#### Items from a data source:
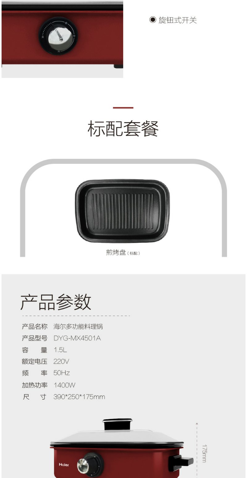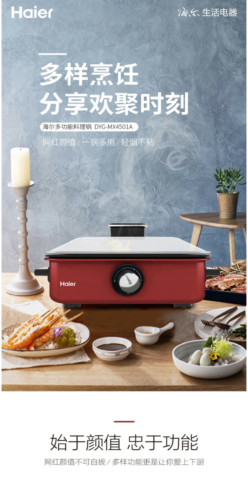海尔 料理锅 1.5L 多功能料理锅一锅多用 DYG-MX4501A
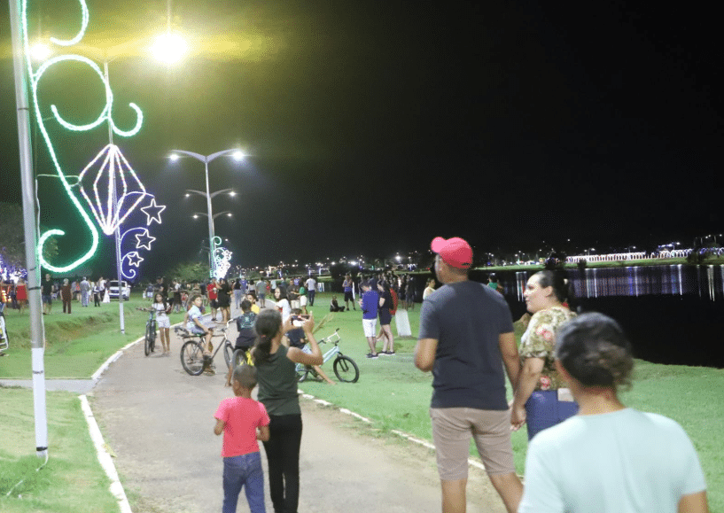 A prefeitura lançou, ontem à noite, o “Brilha Matupá” no complexo turístico dos lagos. Centenas de moradores acompanharam o momento em que são ligadas as luzes da decoração natalina. “O espírito natalino e o espírito da alegria estão aqui em Matupá a partir de agora”, celebrou o prefeito Bruno Mena, em uma rede social, anunciando que a “casa do Papai Noel” estará aberta de quinta a domingo, das 18h30 às 22h.
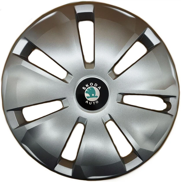Автомобільні модельні колпаки R16 Skoda (зелена) 433 4шт, SJS, сріблясті
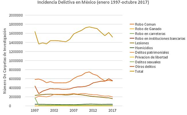 Haciendo a un lado las reservas anteriores sobre los datos estadísticos, aún es posible esbozar ciertas tendencias sobre la incidencia delictiva en nuestro país. Una de las tendencias más notables es la relativa estabilidad de la incidencia delictiva total desde que se inició el registro de datos. En 1997, el total nacional de nuevas carpetas de investigación rondaba los 1.64 millones; para 1998, el número bajó a 1.36 millones. El máximo histórico de nuevas carpetas de investigación se registró en 2011 con 1.74 millones de carpetas. Desde 2011, la tendencia ha sido decreciente con un ligero pico registrado en 2016 que rondó el 1.62 millones de nuevas carpetas de investigación. Aun enfocados en el total nacional de nuevas carpetas de investigación, es posible atisbar un incremento vertiginoso a partir de 2006 que coincide con el despliegue del ejército por parte de Felipe Calderón.
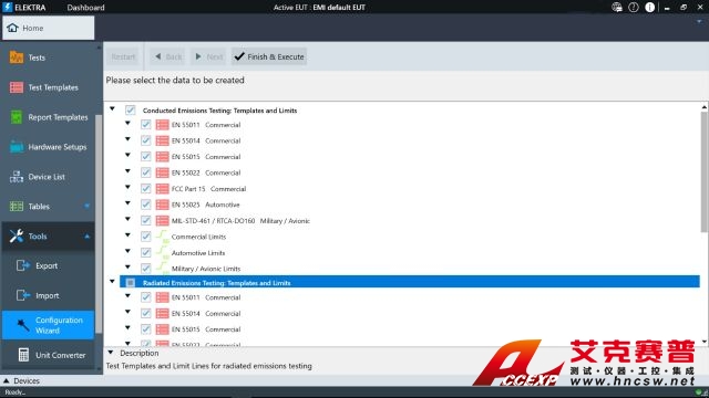 - 提供預定義模板,涵蓋常用 EMC 標準
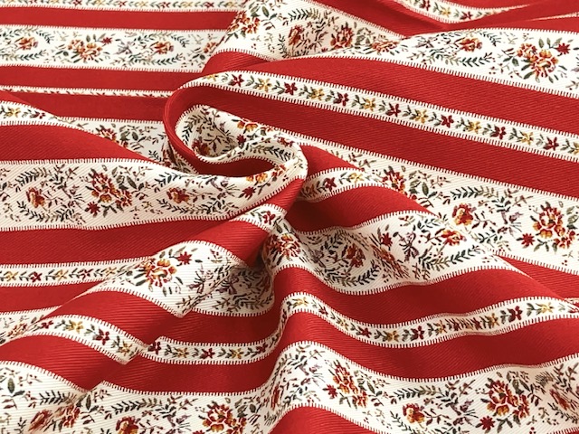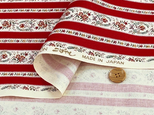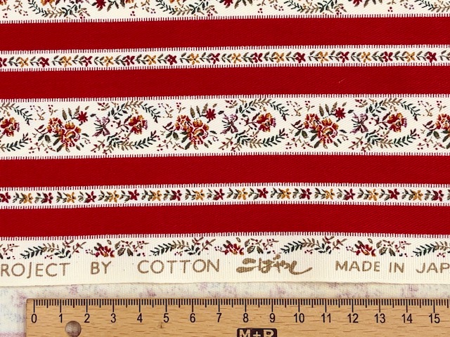 コットンツイルプリント コットンこばやし アンティーク風ストライプフラワー
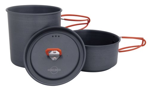 フライパンと鍋とその他の備品が一つのセットになっているコスパの高い人気クッカーセットになります。丈夫なアルミニウムを素材に採用し、外側はハードアノダイズド加工が施されていて、表面硬度が高いので傷つきにくく、耐摩耗性に優れています。
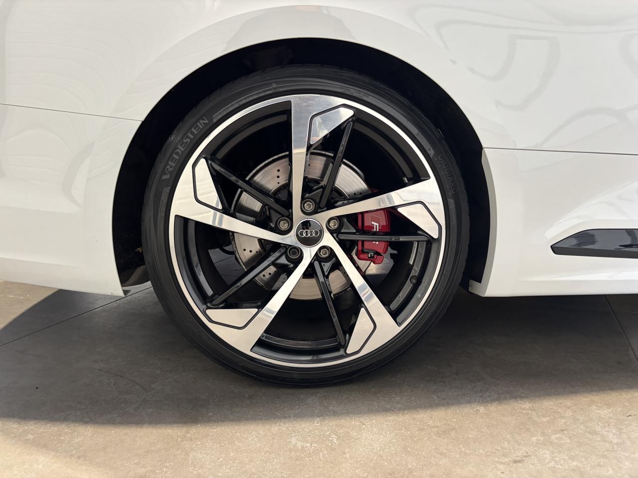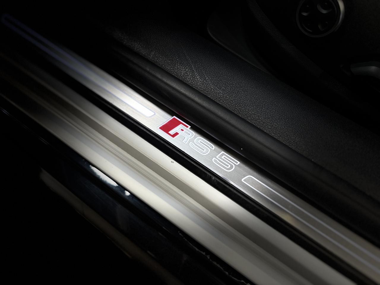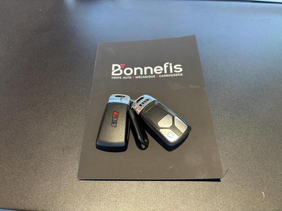 Nombreuses options : GPS, caméra de recul, radars avants et arrières de détection d'obstacles, Vitesse maximale relevée à 280km/h ( 1 500 € ), Jantes aluminium forgé 20'' ( 1 375 € ), Différentiel Quattro Sport ( 1 358 € ), Echappement Sport incluant sonorité encore plus travaillée et sorties d'échappement noires ( 1 250 € ), Bang & Olufsen Sound System avec son en 3D ( 858 € ), Peinture métallisée ( 841 € ), Sellerie en cuir Nappa fin ( 875 € ), Clé confort + Alarme antivol avec fonction safelock + fonction d'ouverture du coffre à l'aide du pied ( 483 € ), Vitres surteintées (Privacy Glass) ( 425 € ), Réception radio numérique (DAB) ( 341 € ), Système de lecture des panneaux de signalisation par caméra ( 308 € ), Etriers de frein laqués rouge brillant avec inscription RS à l'AV et à l'AR ( 308 € ), Applications décoratives en Piano laqué noir ( 216 € ), Coques de rétroviseurs noir brillant ( 108 € ), 3 profils de couleur prédéfinis et un profil de couleur personnalisable via l'Audi drive select aux parties suivantes : porte-boissons à l'AV, zone des pieds à l’AV, vide-poches de portières et éclairage d'ambiance des portières, Accoudoirs de porte en cuir Nappa fin noir avec surpiqûres rouge Dynamite, Active Lane Assist, ACC / Adaptive Cruise Control stop & go avec Assistant de conduite en embouteillage, Assistant de conduite efficiente, Audi Pre Sense Front avec Assistant d'évitement collision et Assistant changement direction, Augmentation de la vitesse de pointe à 280 km/h, Baguettes décoratives sur les vitres latérales noires, Becquet AV, Becquet AV en noir brillant, Ceintures de sécurité noires avec bordure rouge, Châssis Sport RS plus avec Dynamic Ride Control (DRC) réglable sur 3 niveaux: comfort, auto, dynamic, Diffuseur AR noir brillant, Direction Dynamique, Eléments de commande et repose genoux en Alcantara noir avec surpiqûres rouge Dynamite, Encadrement de calandre noir brillant, Lecture des panneaux de signalisation, Pack Eclairage, Phares Audi Matrix LED, Quattro avec différentiel Sport : sur la base d’une transmission intégrale permanente quattro à répartition asymétrique et dynamique du couple, le différentiel Sport régulé électroniquement répartit différemment la puissance, Tapis de sol noir avec surpiqûres rouge Dynamite et inscription RS AV...
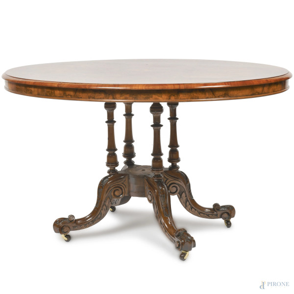 Tavolino con piano circolare in ceramica turchese decorata con ritratti, con struttura in bronzo dorato e cesellato, XIX secolo, cm 72x49,5, ( segni di usura, difetti)
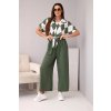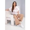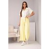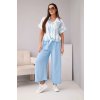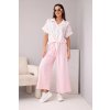 Elegantní a zároveň pohodlný dámský viskózový komplet, který se skládá z krátké košile s límečkem a zavazováním v pase a širokých kalhot s elastickým pasem. Lehká a prodyšná tkanina s příměsí elastanu je ideální volbou na jaro a léto.
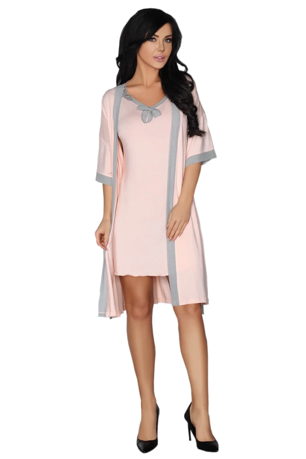 Dámská noční košilka Moem LivCo - z příjemné velmi kvalitní růžové bavlny - s širokými ramínky z šedé výšivky - kontrastní lemování - dekolt ozdobená šedou mašlí - součástí košile jsou tanga
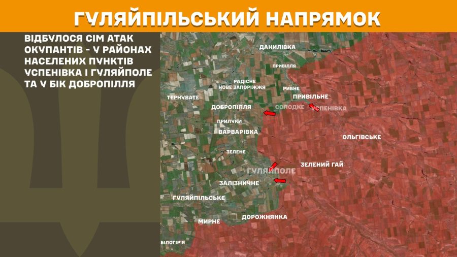 На Гуляйпільському напрямку відбулося сім атак окупантів – у районах населених пунктів Успенівка і Гуляйполе та у бік Добропілля.
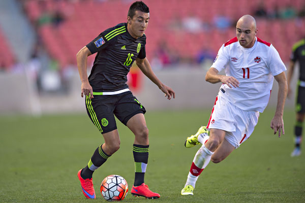 El conjunto azteca era cada vez más superior dentro del rectángulo verde y un minuto después, el volante de los Tuzos del Pachuca, Hirving Lozano entró por la banda izquierda, sacando el disparo que rechazo la defensa de Canadá, quedándole el rechace a Víctor Guzmán, quien prendió un fogonazo de fuera del área, el balón se fue a un costado de la portería contraria.

#### PROBLEM REQUIREMENTS:
Using the data above, output the line that has "コットンツイルプリント コットンこばやし アンティーク風ストライプフラワー", the line that has "フライパンと鍋とその他の備品", and whatever lines fall between, each exactly as it stands and without pictures.

#### YOUR RESPONSE:
 コットンツイルプリント コットンこばやし アンティーク風ストライプフラワー
 フライパンと鍋とその他の備品が一つのセットになっているコスパの高い人気クッカーセットになります。丈夫なアルミニウムを素材に採用し、外側はハードアノダイズド加工が施されていて、表面硬度が高いので傷つきにくく、耐摩耗性に優れています。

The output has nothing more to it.